Below is a listing to write out in full, exactly as given, without its pictures.

-- Data shown --
────────────────────

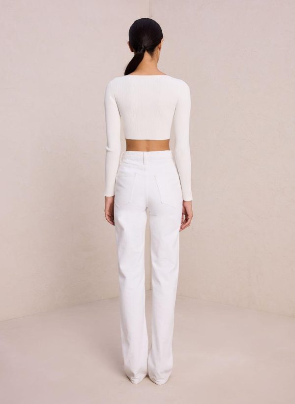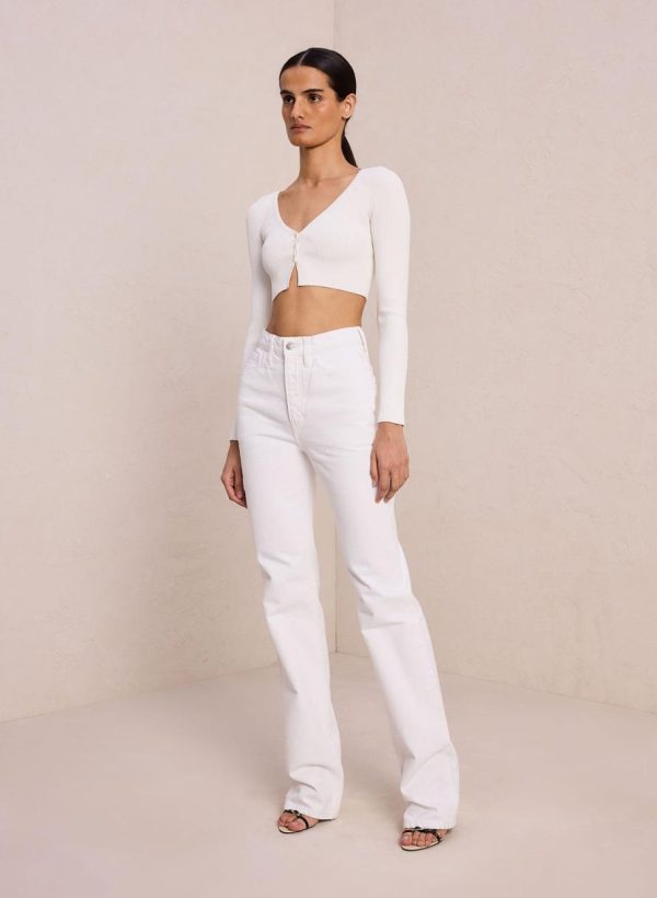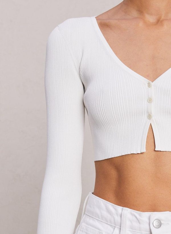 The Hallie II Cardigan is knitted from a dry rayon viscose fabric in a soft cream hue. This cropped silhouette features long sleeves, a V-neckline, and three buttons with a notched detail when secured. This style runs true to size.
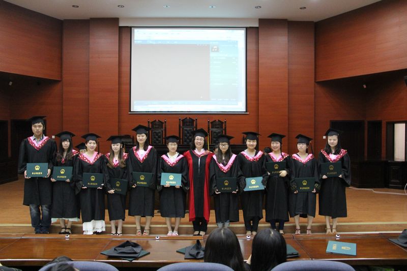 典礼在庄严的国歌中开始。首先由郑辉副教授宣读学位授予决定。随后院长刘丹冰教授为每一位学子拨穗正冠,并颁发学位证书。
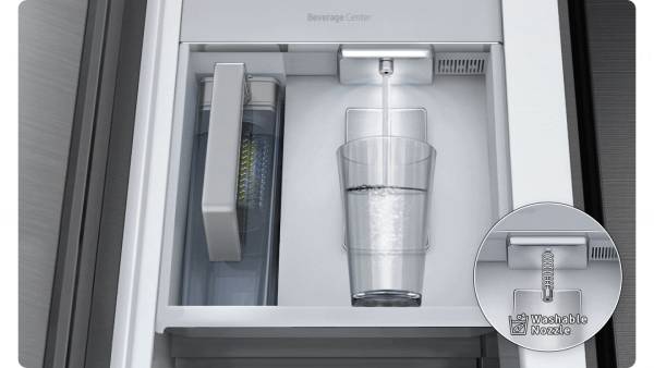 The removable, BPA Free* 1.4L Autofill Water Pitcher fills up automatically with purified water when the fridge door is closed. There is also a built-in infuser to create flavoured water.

────────────────────

-- Exercise output --
 The Hallie II Cardigan is knitted from a dry rayon viscose fabric in a soft cream hue. This cropped silhouette features long sleeves, a V-neckline, and three buttons with a notched detail when secured. This style runs true to size.
 典礼在庄严的国歌中开始。首先由郑辉副教授宣读学位授予决定。随后院长刘丹冰教授为每一位学子拨穗正冠,并颁发学位证书。
 The removable, BPA Free* 1.4L Autofill Water Pitcher fills up automatically with purified water when the fridge door is closed. There is also a built-in infuser to create flavoured water.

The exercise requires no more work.